1. Does $$f$$ always satisfy $$f(x+1)=f(x)+1$$ for all real $$x$$?
2. Will $$f$$ be always increasing?
3. What else can we say about $$f$$?

Let $$g(x) = x+1/2$$. The equation can be written as $$f^{-1} = g^{-1} f g$$ Now operate with $$f$$, $$g$$ like elements of a group. We get from the above taking inverses $$g^{-1} f^{-1} g = f$$ and so $$g^{-2} f g^{2} = f$$ that is $$f(x+1) = f(x)+1$$
$$\bf{Added:}$$ If $$f$$ is continuous, then $$f$$ is monotone, and from the last equality we conclude $$f$$ strictly increasing.

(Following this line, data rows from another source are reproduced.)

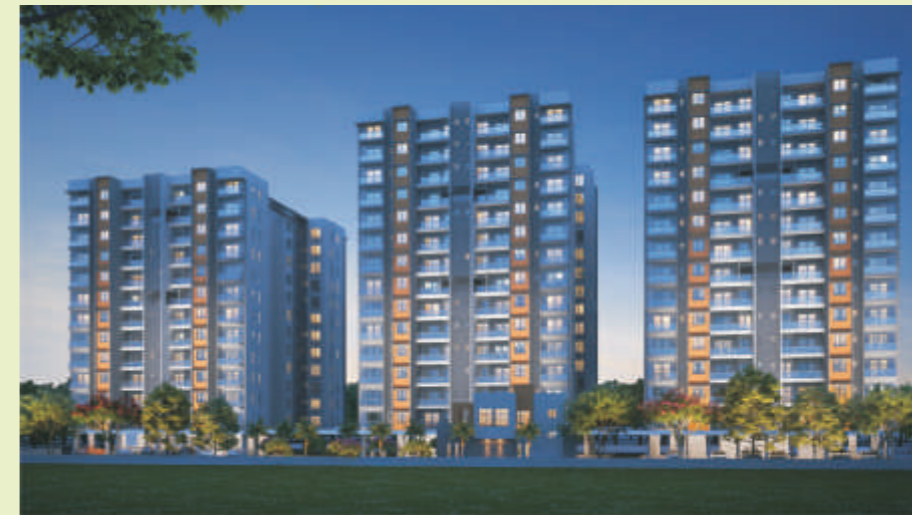
Green Ville , Hadapsar
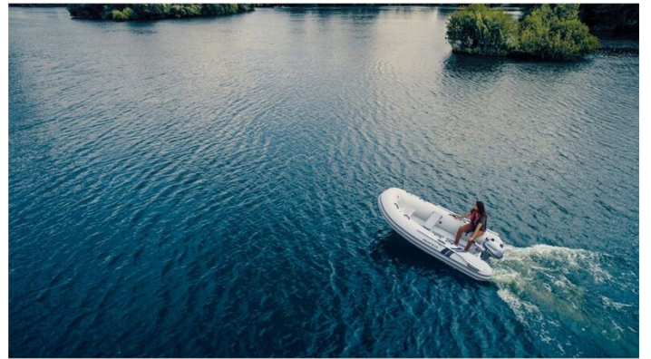
Highfield CL 310 - overhead view
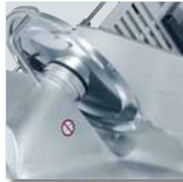
Freely accessible surfaces everywhere – even on the rear blade surface
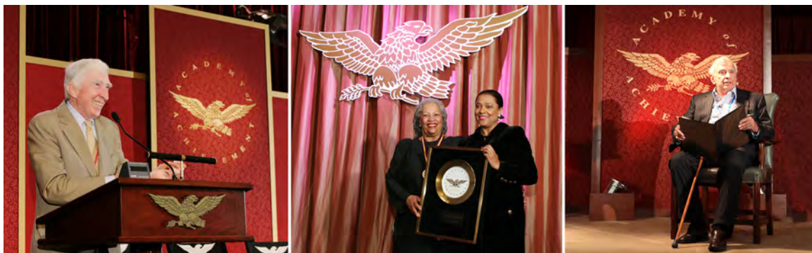
Legendary Writers: Pulitzer Prize-winning novelist John Updike addressing Academy students and delegates at a symposium during the 2004 International Achievement Summit in Chicago, Illinois; Awards Council member and famed operatic soprano Kathleen Battle presenting the American Academy of Achievement's Golden Plate Award to Toni Morrison, the recipient of the Nobel Prize in Literature, at the Banquet of the Golden Plate gala ceremonies during the 2005 International Achievement Summit in New York City; Admired novelist and social critic Gore Vidal addressing Academy delegates and members during the 2006 International Achievement Summit in Los Angeles.

The one-on-one video interviews of more than 200 Academy honorees are featured on the Academy of Achievement's website, www.achievement.org , alongside multimedia curriculum modules and a podcast center of selected symposium presentations from the annual International Achievement Summit. The website also hosts a collection of biographies and historic photographs of these Academy members. Visitors can access our online library and discover which books influenced the early lives of our honorees.

$$\bf{Added:}$$ It's useful to look at graphs of the function $$f_1(x)\colon = f^{-1}(x)$$ and $$f_2(x) \colon = f(x+1/2)-1/2$$. We have $$\Gamma_{f_1} = S(\Gamma_{f})$$, and $$\Gamma_{f_2} = T(\Gamma_{f})$$, where $$S$$ is the symmetry w.r. the first bisector, and $$T$$ is the translation by the vector $$(-1/2, -1/2)$$. In other, words, the graph of $$f$$ is invariant under the transformation $$S T^{-1} = T^{-1} S$$, which is a glide reflection. Now we see there are many such functions $$f$$. $$f$$ will necessary have fixed points, and the set of fixed points is invariant under the translation $$x\mapsto x+1/2$$.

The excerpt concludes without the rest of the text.